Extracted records
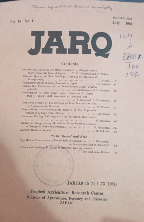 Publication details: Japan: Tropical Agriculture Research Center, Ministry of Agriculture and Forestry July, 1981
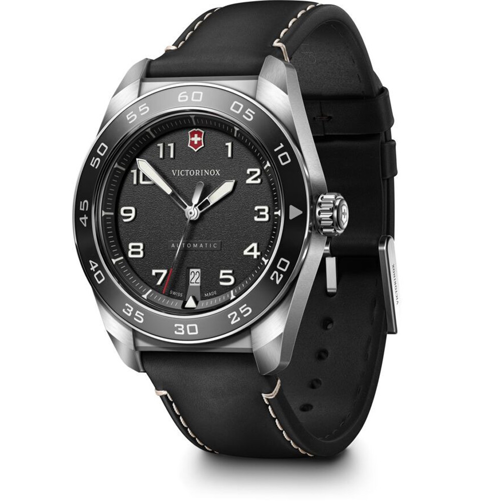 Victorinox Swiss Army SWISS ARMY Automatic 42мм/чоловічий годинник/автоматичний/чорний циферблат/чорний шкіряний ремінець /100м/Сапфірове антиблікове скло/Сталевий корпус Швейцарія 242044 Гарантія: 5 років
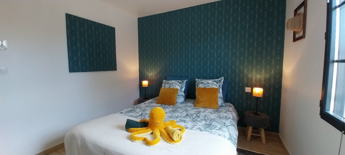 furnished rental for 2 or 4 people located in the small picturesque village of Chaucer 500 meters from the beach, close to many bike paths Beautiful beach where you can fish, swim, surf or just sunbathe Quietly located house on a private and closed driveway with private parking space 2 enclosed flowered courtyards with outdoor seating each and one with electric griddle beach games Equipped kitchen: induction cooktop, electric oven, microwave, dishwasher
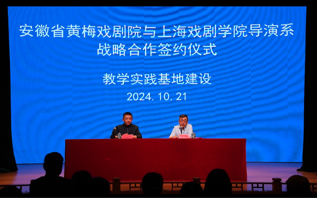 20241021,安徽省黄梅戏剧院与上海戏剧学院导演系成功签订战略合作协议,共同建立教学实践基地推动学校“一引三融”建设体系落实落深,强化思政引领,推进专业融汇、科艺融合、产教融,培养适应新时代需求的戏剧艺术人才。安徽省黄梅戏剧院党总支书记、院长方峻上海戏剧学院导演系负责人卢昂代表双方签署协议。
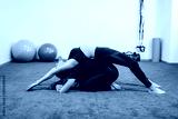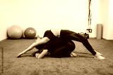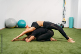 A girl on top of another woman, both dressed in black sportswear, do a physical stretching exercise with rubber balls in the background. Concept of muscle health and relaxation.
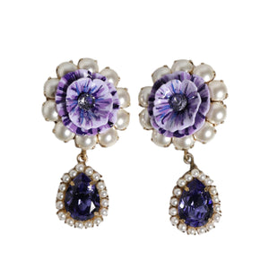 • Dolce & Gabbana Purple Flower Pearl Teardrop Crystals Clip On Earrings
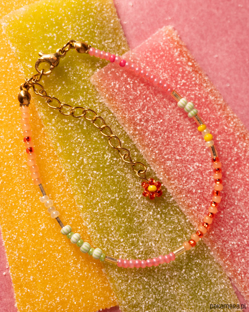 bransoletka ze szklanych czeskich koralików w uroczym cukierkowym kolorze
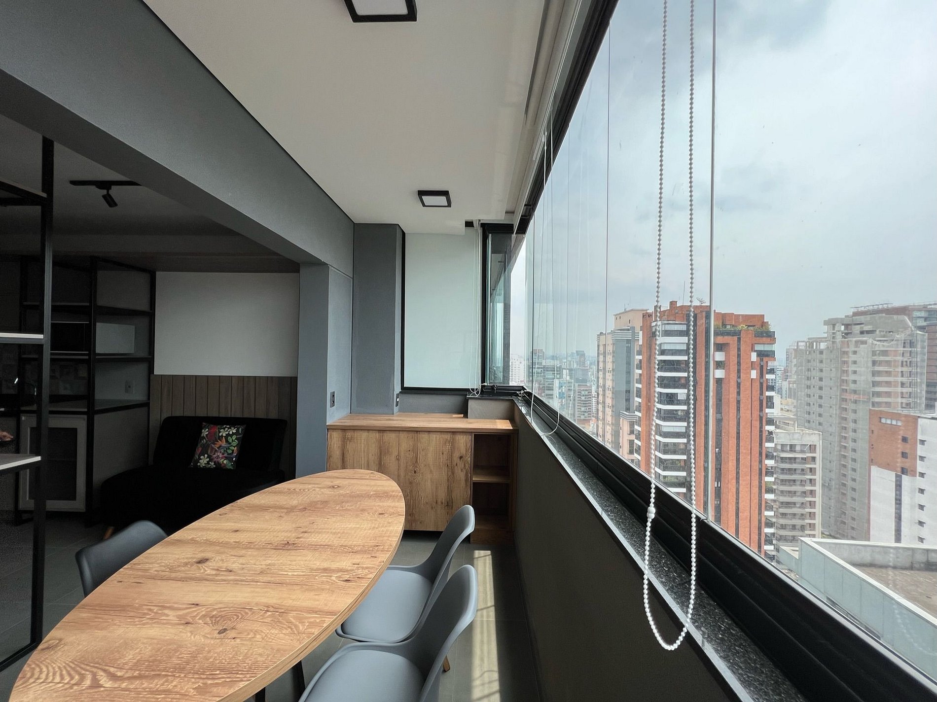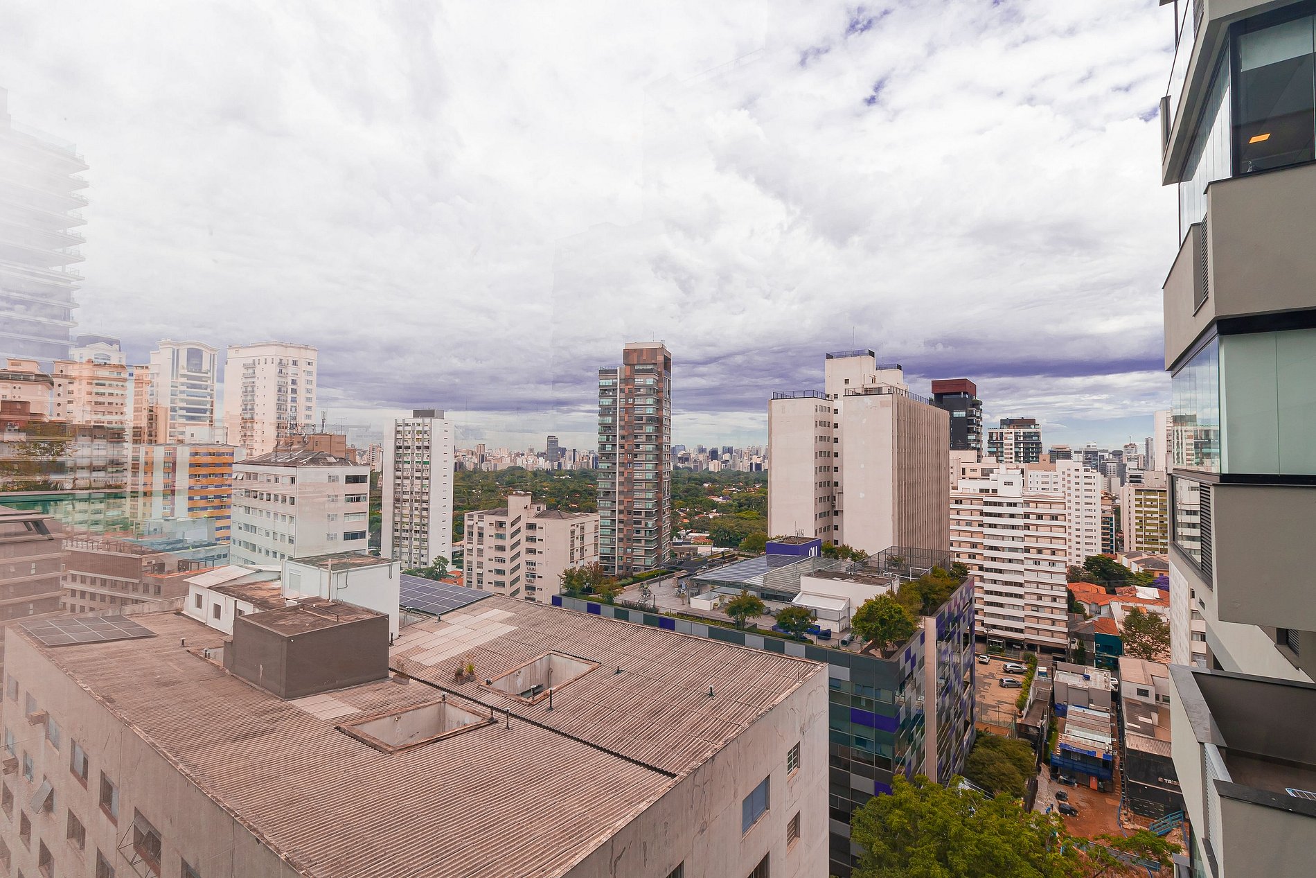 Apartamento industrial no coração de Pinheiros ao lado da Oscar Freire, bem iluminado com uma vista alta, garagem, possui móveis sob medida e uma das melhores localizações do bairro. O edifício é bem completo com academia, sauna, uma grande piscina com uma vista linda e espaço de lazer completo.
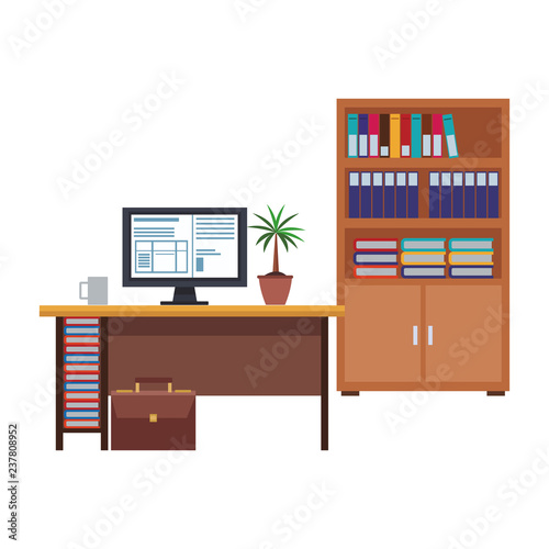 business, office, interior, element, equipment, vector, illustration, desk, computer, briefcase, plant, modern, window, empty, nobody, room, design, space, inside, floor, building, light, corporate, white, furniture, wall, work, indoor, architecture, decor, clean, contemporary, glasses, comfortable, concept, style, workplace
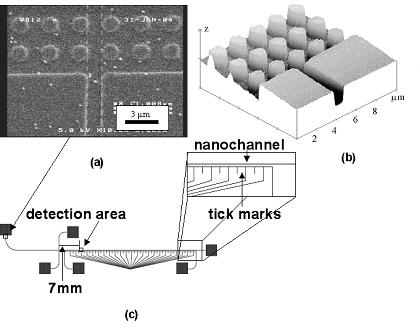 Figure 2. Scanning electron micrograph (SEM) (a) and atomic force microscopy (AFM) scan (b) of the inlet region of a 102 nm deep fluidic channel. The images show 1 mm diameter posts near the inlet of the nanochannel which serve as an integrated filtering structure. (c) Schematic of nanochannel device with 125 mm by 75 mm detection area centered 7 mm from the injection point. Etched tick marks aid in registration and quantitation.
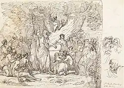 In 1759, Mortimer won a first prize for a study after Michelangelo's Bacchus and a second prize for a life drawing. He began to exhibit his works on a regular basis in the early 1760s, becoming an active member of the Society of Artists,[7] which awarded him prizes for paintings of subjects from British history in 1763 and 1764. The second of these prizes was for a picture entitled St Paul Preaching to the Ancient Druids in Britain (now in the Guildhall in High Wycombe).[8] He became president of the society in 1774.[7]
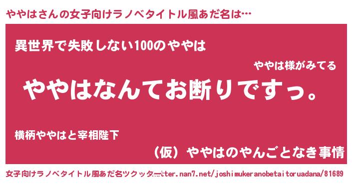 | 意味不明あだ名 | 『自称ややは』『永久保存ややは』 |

# [WHAT TO PRODUCE]
Starting at the line above with "bransoletka ze szklanych", output every line exactly up to and including the line with "concept, style, workplace", but none of the pictures.

# [RESPONSE AREA]
 bransoletka ze szklanych czeskich koralików w uroczym cukierkowym kolorze
 Apartamento industrial no coração de Pinheiros ao lado da Oscar Freire, bem iluminado com uma vista alta, garagem, possui móveis sob medida e uma das melhores localizações do bairro. O edifício é bem completo com academia, sauna, uma grande piscina com uma vista linda e espaço de lazer completo.
 business, office, interior, element, equipment, vector, illustration, desk, computer, briefcase, plant, modern, window, empty, nobody, room, design, space, inside, floor, building, light, corporate, white, furniture, wall, work, indoor, architecture, decor, clean, contemporary, glasses, comfortable, concept, style, workplace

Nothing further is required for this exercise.